Example output if offline- or restricted volumes exist:

NETAPP OK - 30 volumes checked. [...]
3 volumes skipped
[...]

Performance-data will be printed for all checked volumes/aggregates.

Consider using -v for inspection, if you are not satisfied with the result.

What do we check here?

This plugin does its checks based on the following values:

Usage in Bytes/Percent:

size-total
size-used
percentage-size-used (vol)
percent-used-capacity (aggr)
state (to detect offline-volumes)

Inodes:

files-total
files-used

Free Space instead of used space

Checking free space instead of used space may be useful in case aggregates are extended and you want to avoid adjusting the absolute thresholds. Checking for free space is possible using the variable-threshold MAX. The point is you can use the variable MAX to get the max-value of the aggregate and subtract what you would like to have free. The difficult parts are, that this calculation is done in bytes, so you may want to use parentheses to document clearly your thresholds (which requires escaping them from the shell). Also you have to consider the SI-factor yourself. See the chapter Advanced Examples below for more details.

Exploring your filers performance-data

For a comprehensive definition including the present value from your filers you can run

$ get_netapp_*.pl -H <your filer> --explore --descriptive

An example output would be:

Existing data for object 'volume'
Node: vfiler0
Instance: lun1 (272914ba-0198-11e3-be4e-123478563412)
...
------------------------------------------------------------
files-total = 566
Total user-visible file (inode) count, i.e., current maximum
number of user-visible files (inodes) that this volume can
currently hold.
------------------------------------------------------------
files-used = 103
Number of user-visible files (inodes) used. This field is
valid only when the volume is online.
------------------------------------------------------------
...
------------------------------------------------------------
percentage-size-used = 80
Percentage of the volume size that is used. If the volume
is restricted or offline, a value of 0 is returned.
------------------------------------------------------------
size-available = 3981312
Number of bytes still available in the volume. If the volume
is restricted or offline, a value of 0 is returned.
------------------------------------------------------------
size-total = 19922944
Total usable size (in bytes) of the volume, not including
WAFL reserve or volume snapshot reserve. This field is valid
only when the volume is online.
------------------------------------------------------------
size-used = 15941632
The size (in bytes) that is used in the volume. This field
is valid only when the volume is online.
------------------------------------------------------------
...

If you do not see the description, you have to collect the data again without the --fast switch.

Dependencies

This checks reads its data from one or more local stores. The collector-scripts (also known as "getters") building these stores must have been run already for the volume and aggregate object - otherwise this check will not find any data. See the documentation and cfg-example-files which came with this script.

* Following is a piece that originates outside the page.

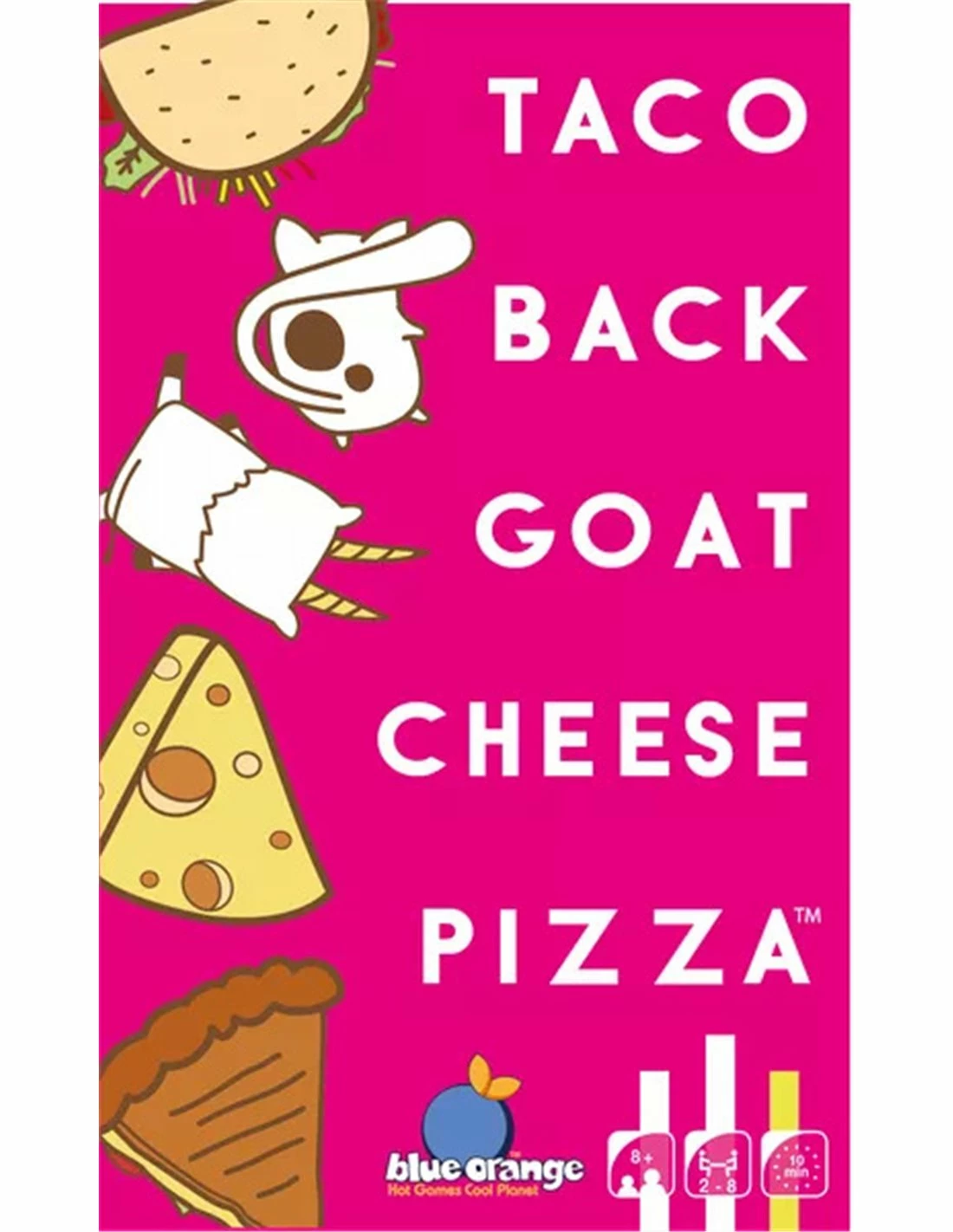As in Snap and Dobble, each player places a card from their hand face up into a community pile while saying taco/cat/goat/cheese/pizza in player sequence. When the card matches the mantra — boom! — everyone slaps their hand on the deck, with the last one to slap picking up the cards. Whoever rids themselves of cards first wins!

In case you are using the --check_only switch with one of the lun-parameters (with_lun / without_lun) this check depends also on the collector for the lun-object.

Simple Examples

[S1] ./check_netapp_pro.pl Usage -H filer -o volume --metric=relative -w 70 -c 90

Checks all volumes using relative thresholds of 70% and 90%. Warns if more than 70% of a volumes space is used and sends a critical alert if more than 90% is used.

NETAPP OK - 4 volumes checked. Max. used volume: vol0 (23.0%)
vol0: 23.0%, nfs: 1.0%, vol1: 0.0%, vfiler1: 0.0%, | vol0=23%;70;90;0;100 vol1=0%;70;90;0;100 nfs=1%;70;90;0;100 vfiler1=0%;70;90;0;100

[S2] ./check_netapp_pro.pl Usage -H filer -o volume

Checks all volumes using the default settings. This means retrieving absolute values but setting relative thresholds. That combination may seem to be wired but is useful, if you need absolute values for trending while still checking all the filers volumes at the same time. Absolute thresholds would not be helpful for an overall-check, if the volumes differ in size. The combination of absolute values and relative thresholds can lead to surprising results, so do not use it, until you know that you really need it for your trending-system.

NETAPP_PRO USAGE CRITICAL - 5 volumes checked, 1 critical and 0 warning
vol0: 0.7GiB (CRITICAL)
vol12: 0.0GiB
vol11: 0.0GiB
vol1: 0.0GiB
vol2: 0.0GiB
 | sim91-01.vol0=770220032B;562920243.2;723754598.4;0;804171776 srv1.vol1=536576B;13946060.8;17930649.6;0;19922944 srv1.vol11=577536B;13946060.8;17930649.6;0;19922944 srv1.vol12=5709824B;13946060.8;17930649.6;0;19922944 srv2.vol2=466944B;13946060.8;17930649.6;0;19922944

[S3] ./check_netapp_pro.pl Usage -H filer -o aggregate --metric=absolute --factor=Gi -w 500 -c 800

Checks all aggregates using absolute thresholds of 500 and 800 GiB.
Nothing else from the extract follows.